Conflict of Interest Disclosures: The authors have completed and submitted the ICMJE Form for Disclosure of Potential Conflicts of Interest. Dr Uzunhan reported receiving personal fees from Roche; personal fees and nonfinancial support from Bohringer Ingelheim; and nonfinancial support from Oxyvie. Dr Valeyre reported being a member of advisory boards on idiopathic pulmonary fibrosis treatment that are supported by Roche and Boehringer Ingelheim; receiving personal fees from AstraZeneca and Isis France; and receiving travel support to attend scientific meetings from Roche and Boehringer Ingelheim. Dr Carpentier reported being a cofounder and shareholder of Carmat SA. Dr Vicaut reported receiving grant support from Bristol-Myers Squibb; and personal fees from Bristol-Myers Squibb, Pfizer, Novartis, Pierre Fabre, and Ottobock.

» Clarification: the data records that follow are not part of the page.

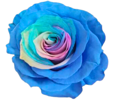 Rosa Tinta con petali esterni in Azzurro e con centro color Pastello Rosa e Verde.
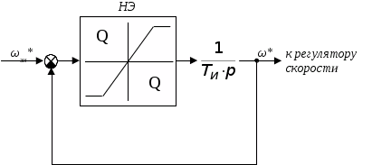 адатчик интенсивности устанавливается на входе САР скорости и предназначен для формирования сигнала задания на скорость. ЗИ ограничивает темп нарастания снижения задания на скорость и тем самым обеспечивает, чтобы ускорение и динамический момент электропривода не превышали допустимых значений. Структурная схема ЗИ представлена на рис. 20.
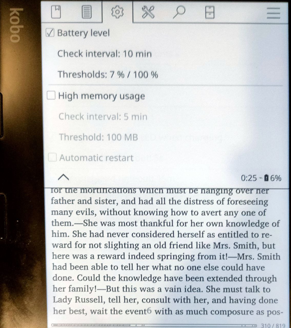 Having just received my first-ever second reader (an ex-demo Libra H2O), I set my Sage as shown in the screenshot attached. I wanted to be able to read to "almost empty" before switching to my backup device. When I checked for updates, I saw that it was 9%, and after that, my eyes remained glued to the device, eager to see what form the alter took. NO alert was given. What have I done wrong?
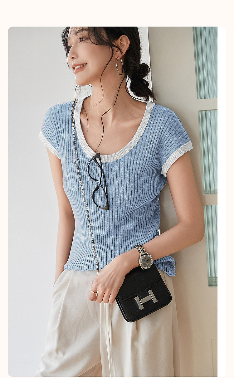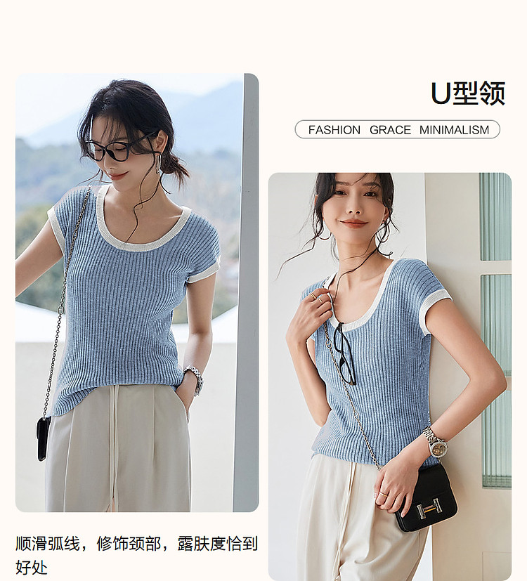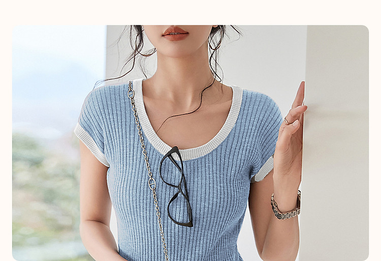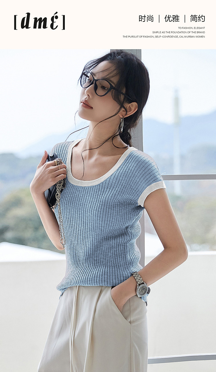 商品名称:【格雷系穿搭】高智感简约U领无袖线衫活力撞色藏肉针织衫女上衣 541697
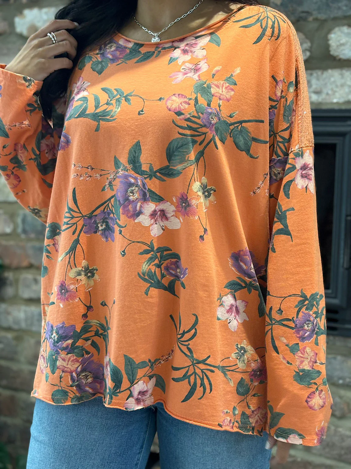 Orange Floral Sequin Detail Top Summer Make a statement this season with our vibrant orange floral top, designed to catch the light and turn heads. Delicate sequin detailing adorns the top arm, adding just the right amount of sparkle to elevate your everyday look. The relaxed drop hem and long sleeves offer a flattering silhouette that works beautifully for both casual outings and warm-weather gatherings. Perfect for layering or wearing solo, this piece brings effortless style and a pop of colour to your summer wardrobe.
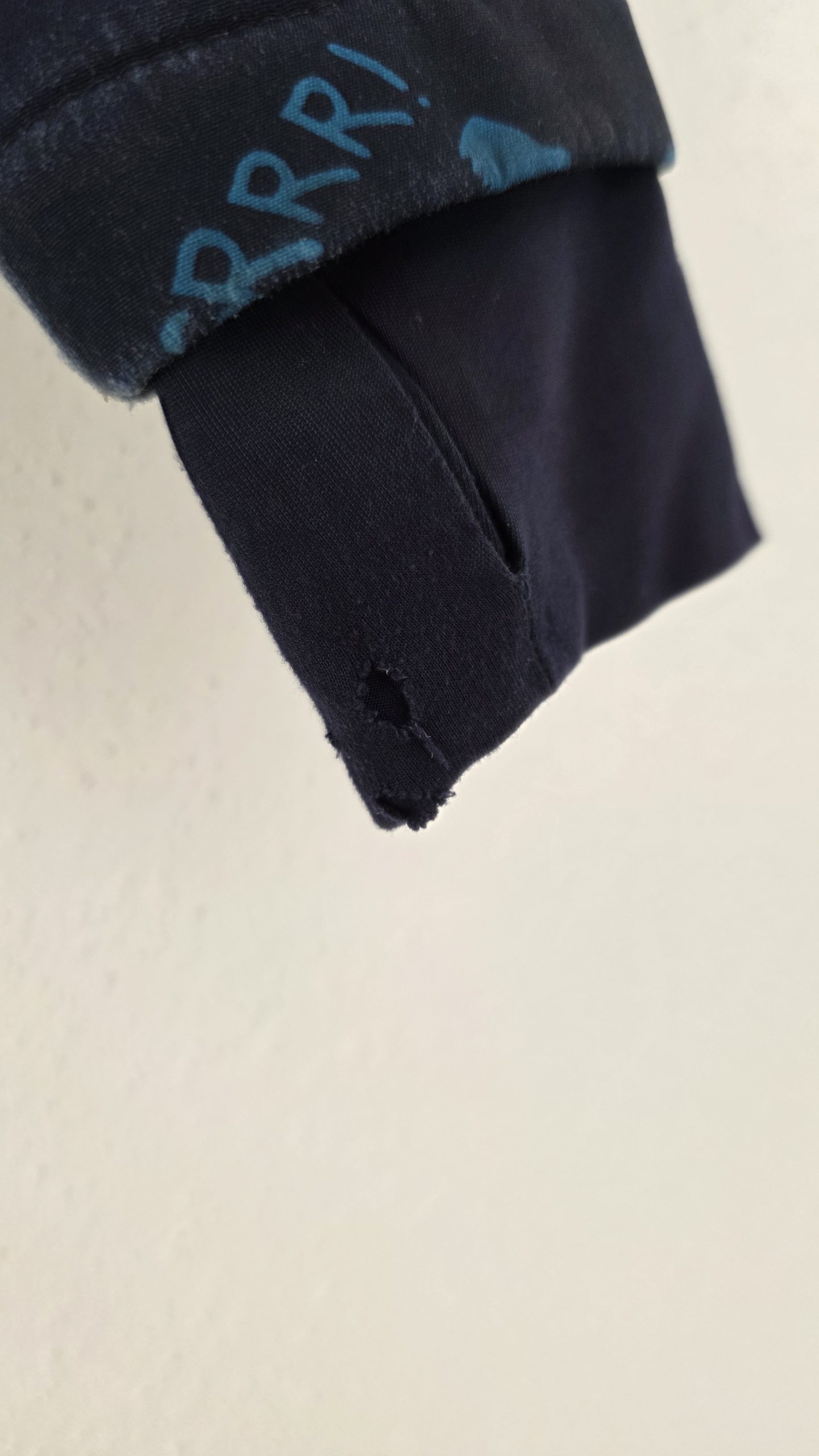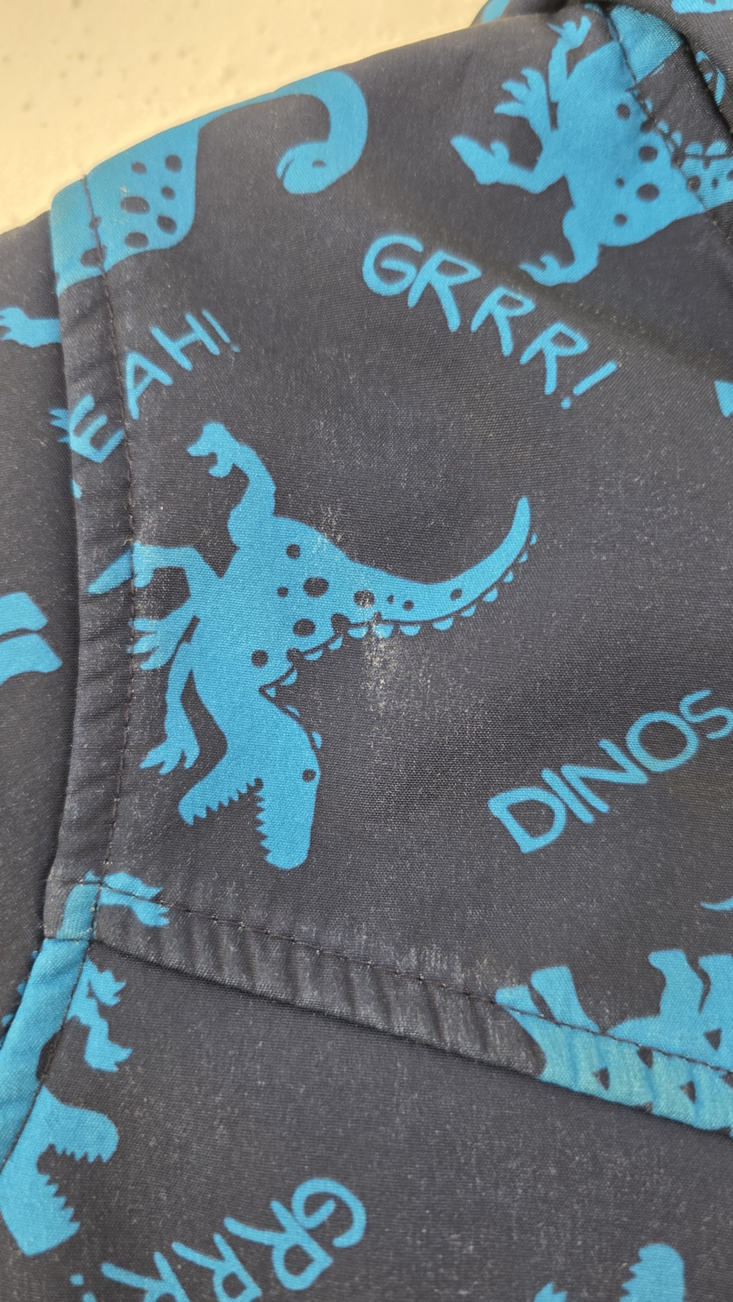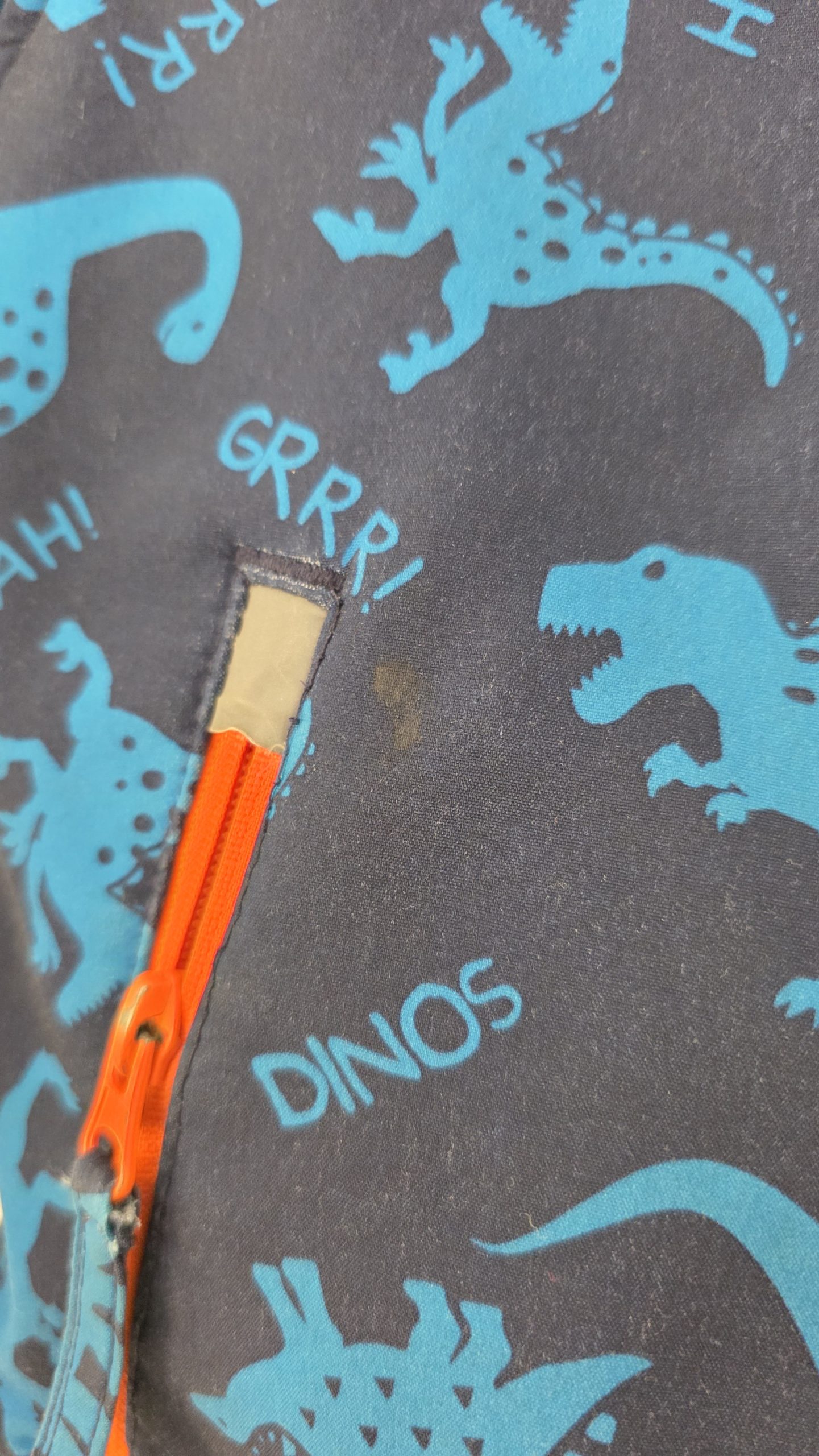 La veste a plusieurs petits défauts comme des tâches.

No other disclosures were reported.

Figures

Figure 1.
Figure 1.. De Novo Generation of Cartilage Within Stented Cryopreserved Aortic Matrices After Surgical Resection of End-Stage Tracheal Lesions or Proximal Lung Tumors
A, Schematic view of airway transplantation using a stented aortic matrix. After resection with adequate surgical margins of end-stage tracheal lesions or proximal lung tumors, the native airway was reconstructed using a cryopreserved aortic allograft. This biological matrix was supported by a stent to prevent airway collapse. The native airway and the aortic graft were anastomosed with continuous absorbable sutures. Both ends of the stent were fixed to the native airway using 4 nonabsorbable sutures (yellow stitches). B, Schematic view of stent removal after airway reconstruction and clinical follow-up. De novo generation of cartilage within the aortic matrix allowed removal of stents 5 to 39 months after transplantation. Top right, patient 20 had complete resection of recurrent thyroid carcinoma with tracheal invasion followed by tracheal transplantation using a cryopreserved aortic allograft. Bronchoscopy at 8 months after tracheal transplantation showed de novo generation of tracheal cartilage (black arrowhead) (Video). The patient was able to breathe and speak normally through newly formed airways at last follow-up after both stent removal at 5 months and tracheostomy tube decannulation at 7 months. Bottom right, patient 2 had end-stage postintubation stenosis that was treated with tracheal transplantation. Chest computed tomographic (CT) scan at last follow-up (7 years 1 month) after stent removal showed a newly formed trachea (yellow arrowhead).
Figure 2.
Figure 2.. Schematic Illustrations of the Intervention Performed for Each of the 20 Patients With End-Stage Tracheal Lesions or Proximal Lung Tumors
In patients 12, 15, 16, and 19, dashed lines indicate bronchial sutures. In patients 5, 11, and 18, gray irregular shapes represent unresectable proximal lung tumors.
Figure 3.
Figure 3.. Histology and Immunohistochemistry of Biopsy Specimens of Aortic Allografts
A, Superficial graft biopsy specimen from patient 2 obtained 15 months after tracheal transplantation showed regeneration of a mixed respiratory neoepithelium-like structure (black arrowhead) (hematoxylin-eosin-safran stain). B and C, Cryopreserved aortic allograft biopsy specimens from patient 4 obtained 39 months after tracheal transplantation showed type 2 collagen (B) and Sox9 (C) immunoreactivity (brown). The positive labeling of the cryopreserved aortic allograft for these 2 specific collagen markers suggested the presence of cartilage-like cells. Biopsy specimens from nonimplanted cryopreserved aortic allografts were negative for these markers. Immunohistochemistry for collagen type 2 used goat polyclonal anticollagen type 2 with horseradish peroxidase (HRP)-labeled polymer-antigoat antibody detection system (Envision+ Kit, Dako K4011), 3,3′-diaminobenzidine (DAB+) as the chromogen (brown-colored precipitate at the antigen site), and Mayer hematoxylin counterstain. Immunohistochemistry for Sox9 used a rabbit polyclonal anti-Sox9 with HRP-labeled polymer-antirabbit antibody detection system (Envision+ Kit, Dako K4011), DAB+ as the chromogen (brown-colored precipitate at the antigen site), and Mayer hematoxylin counterstain.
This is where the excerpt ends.